あしたのジョーのあの時代とは
あしたのジョーが少年マガジン誌上で連載が始まったのは1968年1月1日号からだ。それから5年間続く。この時代こそ戦後の大きな転換点になる。特に団塊の世代にとってはきわめて重要な時代となる。と私は考えている。あの時代の輪郭を極私的に描いてみよう。まずは、あの時代が始まる前のことだ。
1966年(昭和41年)、田舎の高校を卒業して私は金沢の大学に入った。2年前に東京オリンピックが行われ、徐々に日本国内の輸送交通網が整備されていた。白黒テレビがかなり普及し、全国で同じ情報が共有されるようになっていた。といっても全体としてはまだ貧しさがあちこちにあった。
金沢はさすがに北都にふさわしく犀川、浅野川という2つの大きな川のほとりに30万ほどの人が住んでいた。ちなみに江戸時代、東京、大阪、名古屋、京都に次いで、金沢は5番目に大きな町だったということを先日知って金沢のもつポテンシャルに驚いた。
金沢城を中心に町が広がっていた。大学はその城内にあったので何処へ行くにも便利であった。大手門を降りたすぐ傍にNHK金沢放送局があった。そこから50メートル先の中町の仕舞屋に私は下宿した。代々金沢藩の御典医だった家で間口は狭いが奥行きの深い大きな家だった。女系一家でおばあさんと未亡人とその息子がいた。下宿人は大学生が私を含めて二人、短大生が一人、そして社会人がいた。彼は私と同年の新米警察官だった。
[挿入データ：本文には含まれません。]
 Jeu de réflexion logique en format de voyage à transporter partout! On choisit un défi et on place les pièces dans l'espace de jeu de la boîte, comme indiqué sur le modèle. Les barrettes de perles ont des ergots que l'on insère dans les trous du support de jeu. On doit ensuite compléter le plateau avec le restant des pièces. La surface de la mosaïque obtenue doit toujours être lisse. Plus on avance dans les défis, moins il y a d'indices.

4月、入学してまもなく下宿の先輩とおばあさんと3人で兼六園に花見に行った。北国の春は華やかだ。長い雪の暮らしを終えた喜びがあふれ出る。おおぜいの人が出ており夜店も並んで賑やかであった。広坂通りまで出たときだ。
遠くで騒ぎが起きていた。石浦神社の交差点あたりが騒がしい。かすかにスピーカの声が聞こえる。なんだろうと私が首をかしげると、先輩は学生デモさと答えた。これがあの60年安保のときに勇名を轟かしたデモかと珍しく眺めた。
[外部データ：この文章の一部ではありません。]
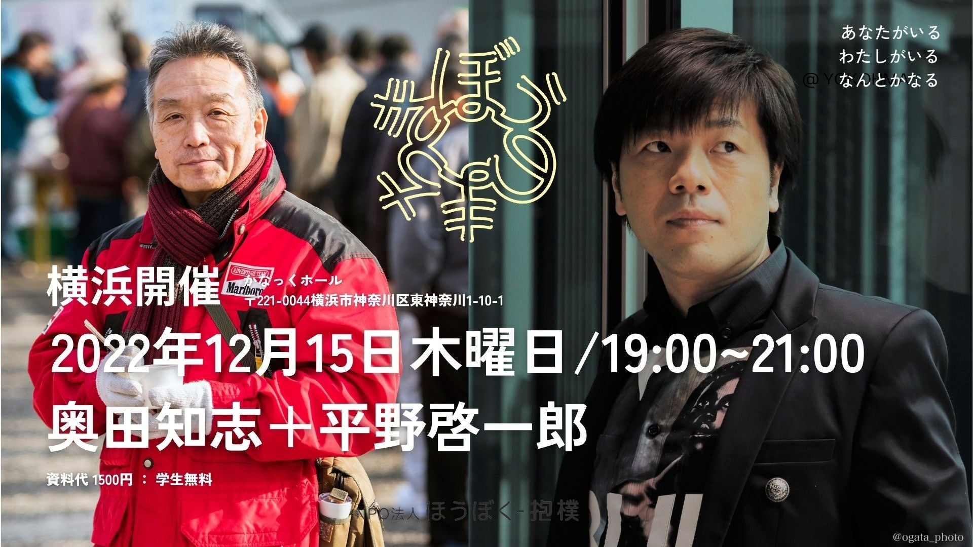 【12 /15(木)横浜開催】認定NPO法人抱樸 希望のまちプロジェクトの進捗報告イベントを横浜で開催。ゲストに小説家の平野啓一郎氏。

人びとはそんなデモにも目をくれず、兼六園の大小の桜の樹木に見入っていた。今思い出しても清親の絵のような幻燈イメージの花見だった。与謝野晶子ではないが今宵会う人皆美しき、と18歳の私は思った。その2年後にこのデモの数百倍数千倍大きな闘争の炎が全国の大学で燃え盛るとは夢にも思ってはいない。